KPN start met vrije modemkeuze. De internetaanbieder helpt klanten die een eigen modem willen gebruiken in plaats van de Experia Box, op weg. KPN benadrukt echter dat het niet verantwoordelijk of aansprakelijk is bij problemen.
KPN heeft een pagina online gezet met informatie over het beleid omtrent vrije modemkeuze voor klanten die niet de Experia Box, maar een alternatieve modem/router willen gebruiken. Het bedrijf geeft de instellingen die nodig zijn om van internet, interactieve tv en telefonie gebruik te kunnen maken via andere modems. Dit kan voor klanten die een adsl2-, vdsl2-, vplus- of glasvezelverbinding hebben.
KPN benadrukt dat klanten goed moeten kijken naar de specificaties van hun alternatieve modem en het bedrijf adviseert een apparaat met ondersteuning voor vvdsl, bonded vectoring vdsl en vplus te gebruiken. Ook wijst het erop dat de gebruiker zelf verantwoordelijk is voor het instellen van zijn eigen modem en dat het bedrijf daar niet voor aansprakelijk is.
"Daarnaast bieden wij bij het gebruik van een eigen modem geen installatiemonteur aan en kunnen we je modem niet op afstand optimaliseren", aldus het bedrijf. Verder waarschuwt de isp dat niet alle diensten ondersteund worden in combinatie met alternatieve apparatuur, zoals FON en Sneller Internet Buitengebied.
KPN blijft zijn Experia Box in bruikleen leveren, ook als klanten aangeven een eigen modem te willen inzetten.

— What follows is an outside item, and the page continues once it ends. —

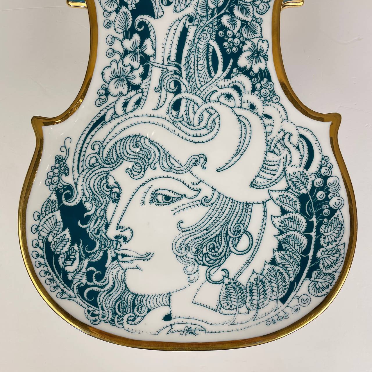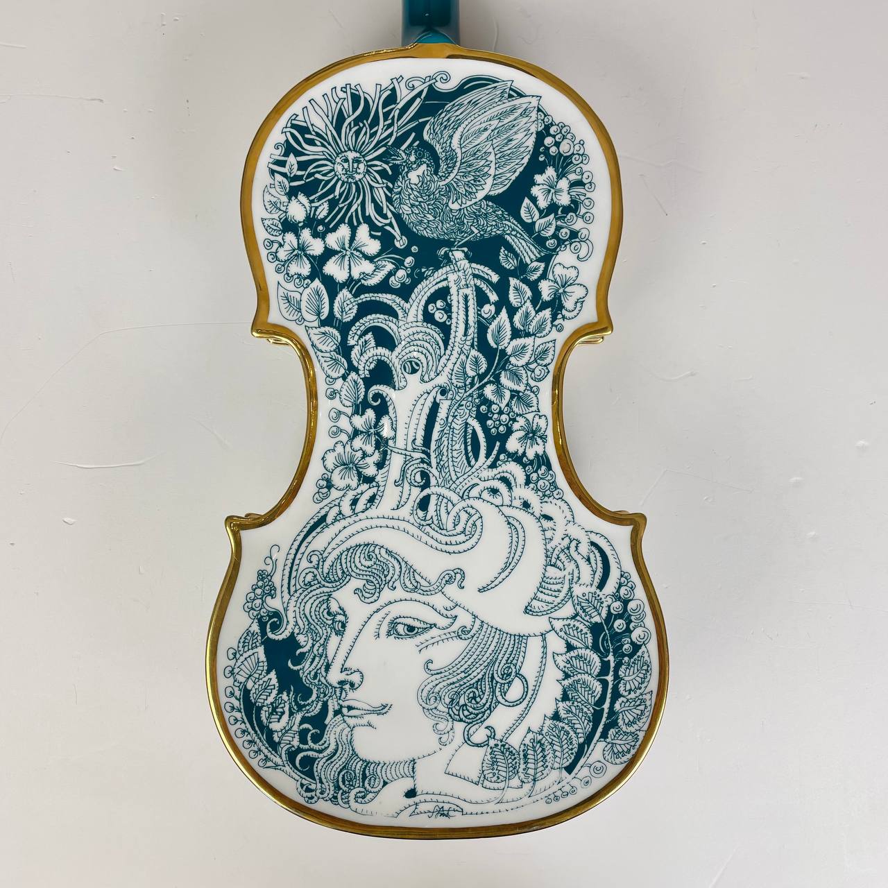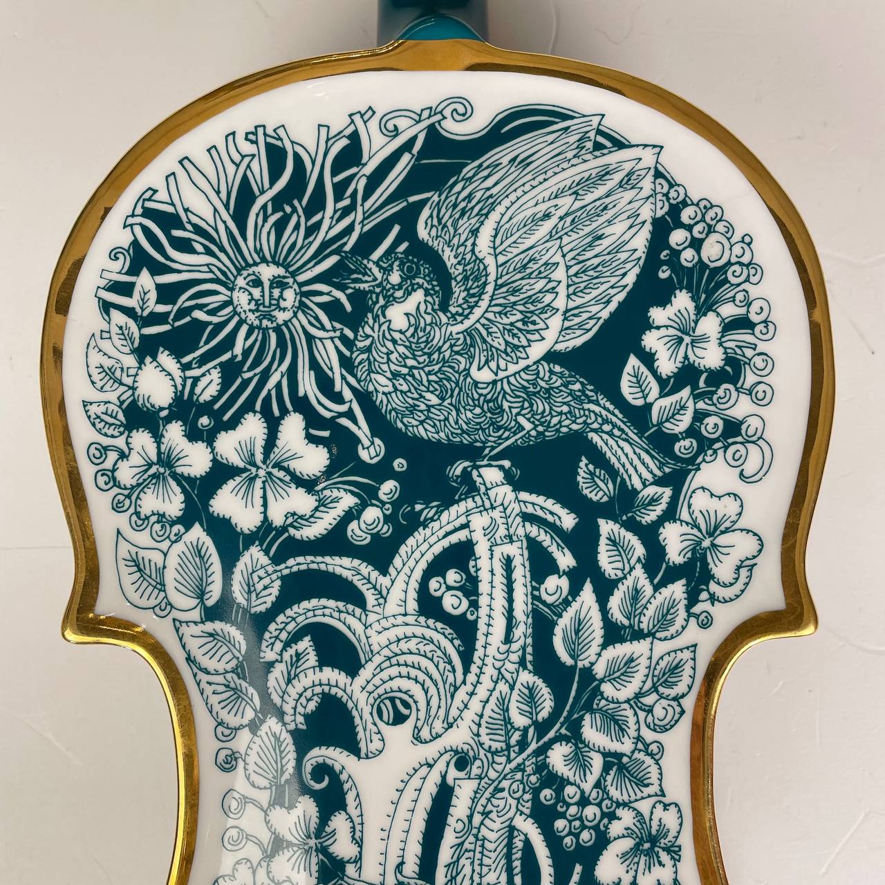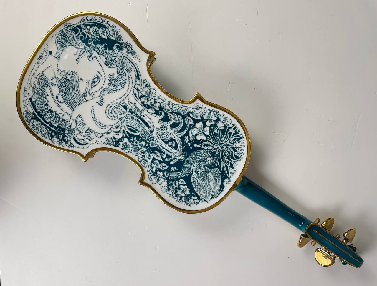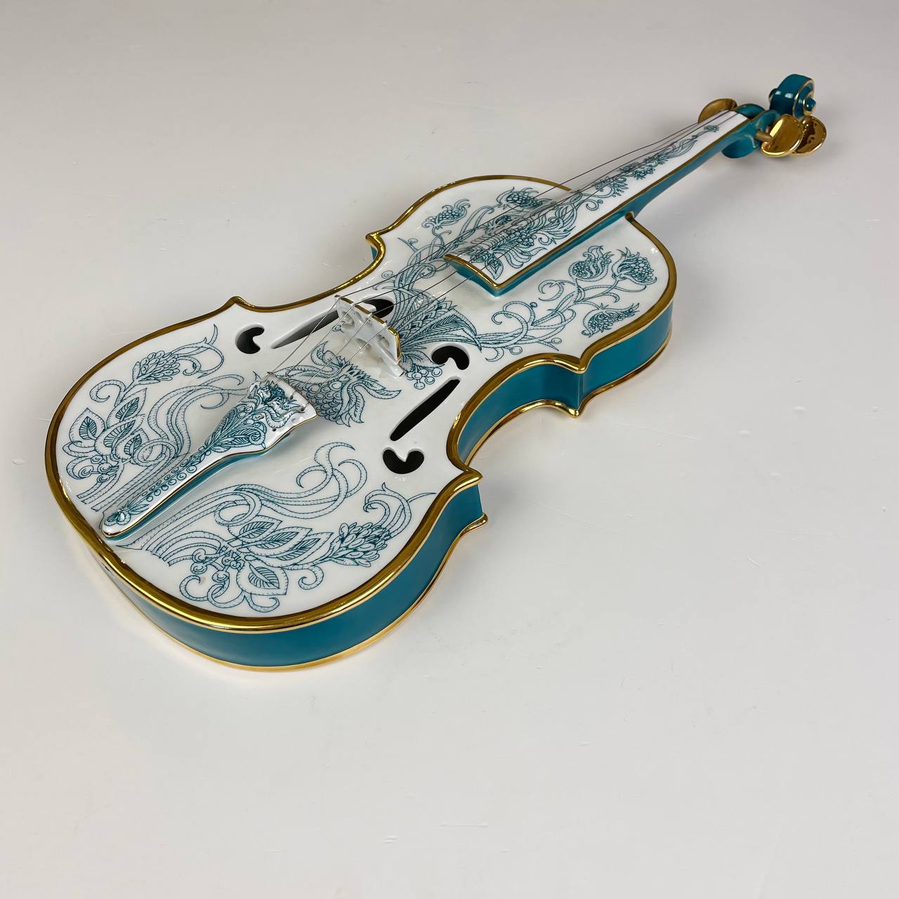 Фарфоровая декоративная скрипка, Европа. Ручная роспись, позолота. Размер 21х9х57h см

Daarnaast komt er een optie om een FritzBox te huren, voor een meerprijs van 7,49 euro per maand. KPN-merk Xs4all leverde al langer FritzBox-modems aan klanten.

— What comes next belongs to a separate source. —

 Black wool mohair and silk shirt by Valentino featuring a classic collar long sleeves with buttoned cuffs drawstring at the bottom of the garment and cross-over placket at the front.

Er is sinds 2008 al Europese regelgeving die lidstaten verplicht om regels in te voeren waarmee consumenten zelf kunnen kiezen welke modem en welke router zij gebruiken. Het duurt in Nederland echter lang voordat de ACM met duidelijke regelgeving op dit gebied komt. Providers gaven in het verleden aan niet blij te zijn met de komst van vrije modemkeuze, omdat ze vinden dat een modem een cruciaal onderdeel van het netwerk is en deze zo buiten hun invloedssfeer komt. De verwachting was dat er in 2018 duidelijkheid zou komen over het onderwerp, maar ook in 2019 bleef een richtlijn van de ACM uit.